Quinton Teal

No. 28, 26, 36
- Position: Safety

Personal information
- Born: March 8, 1984 (age 42) Bennettsville, South Carolina, U.S.
- Listed height: 6 ft 1 in (1.85 m)
- Listed weight: 198 lb (90 kg)

Career information
- College: Coastal Carolina
- NFL draft: 2007: undrafted

Career history
- Carolina Panthers (2007–2009); Seattle Seahawks (2010)*; San Diego Chargers (2010);
- * Offseason or practice squad member only

Career NFL statistics
- Total tackles: 57
- Fumble recoveries: 1
- Stats at Pro Football Reference

= Quinton Teal =

American football player (born 1984)

Quinton Teal (born March 8, 1984) is an American former professional football player who was a safety in the National Football League (NFL), primarily for the Carolina Panthers. He played college football for the Coastal Carolina Chanticleers.

== Early life and education ==
He was born in Bennettsville, South Carolina where he attended Marlboro County High School. He played college football at Coastal Carolina University. A three-time first team All-Big South winner, he holds the Big South Conference record with 17 career interceptions.

At Coastal Carolina, Teal played with future NFL players QB Tyler Thigpen, Miami Dolphins, WR Jerome Simpson, Cincinnati Bengals, FB Mike Tolbert, Carolina Panthers.

== Professional career ==
In the 2007 season he ranked third on the Panthers with 13 special teams tackles. He made his first NFL start against the Dallas Cowboys on December 22 and responded with a career-high seven tackles. He was the only undrafted rookie free agent to make Carolina's 53-man roster. Had 45 tackles in his 3-year career with the Panthers (2007–2009).

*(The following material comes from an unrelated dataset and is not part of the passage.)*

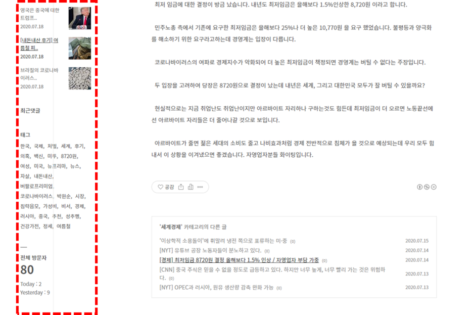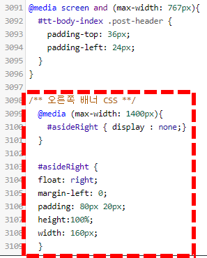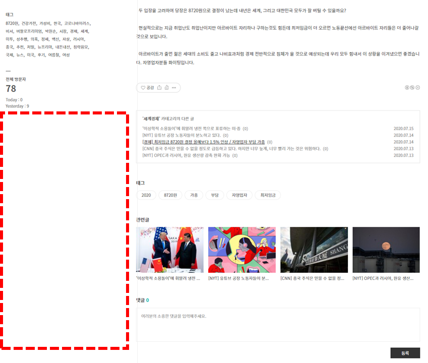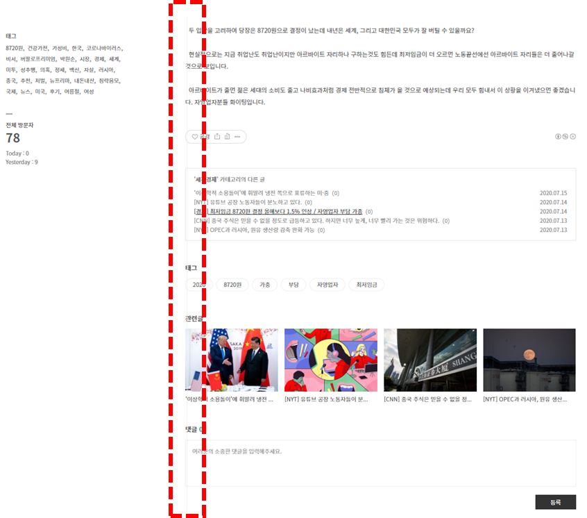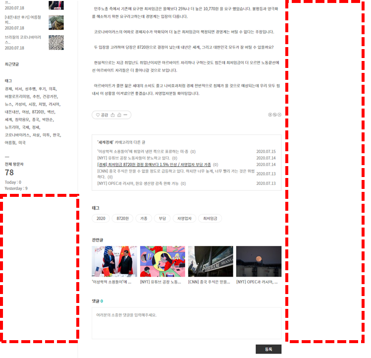 처음에 비해 사이드 영역이 아주 넓어진것을 확인할 수 있다. 이제 저걸 조금 줄여서 우측에 광고를 넣을 자리를 만들꺼다.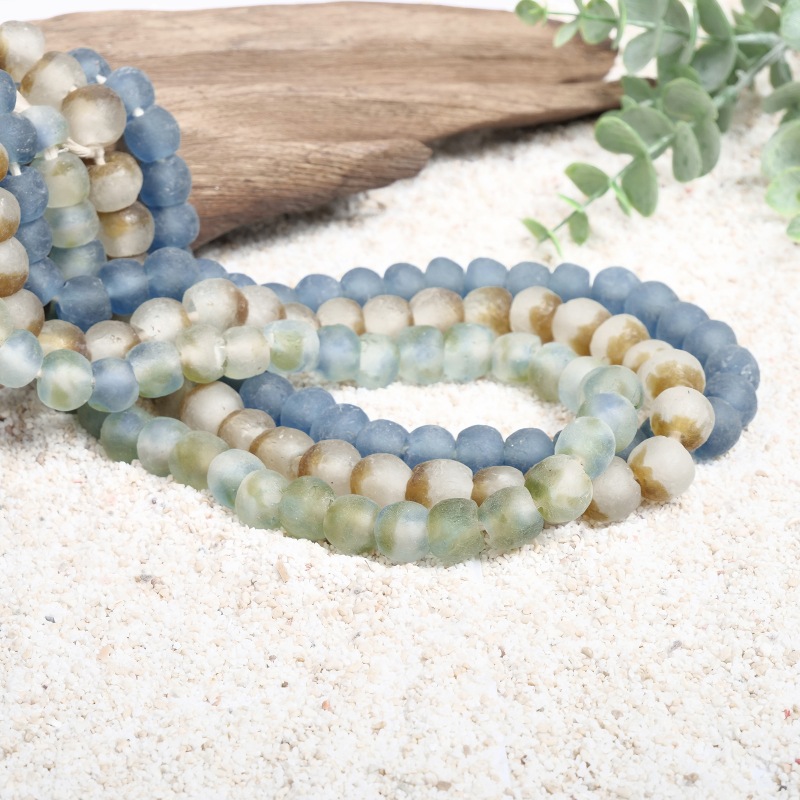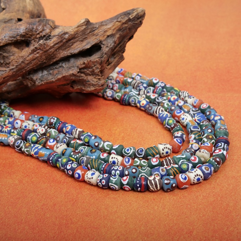 アフリカのクロボ族やアシャンテ族によって作られるガラスビーズは、どちらもガラスを細かく砕き再形成したもの。製法によって全く異なるビーズの雰囲気をお楽しみください。

On April 29, 2010, Teal signed with the Seattle Seahawks but was later cut from the team.

On August 10, 2010, Teal signed a two-year contract with the San Diego Chargers but was released during final cuts on September 4, 2010. He was then re-signed by the team on September 28, 2010.

== Personal life ==
Quinton currently owns and operates Teal Fitness with his spouse in the Charlotte, NC area.

Quinton Teal and Mike Tolbert are the first Coastal Carolina teammates to be on the same NFL roster.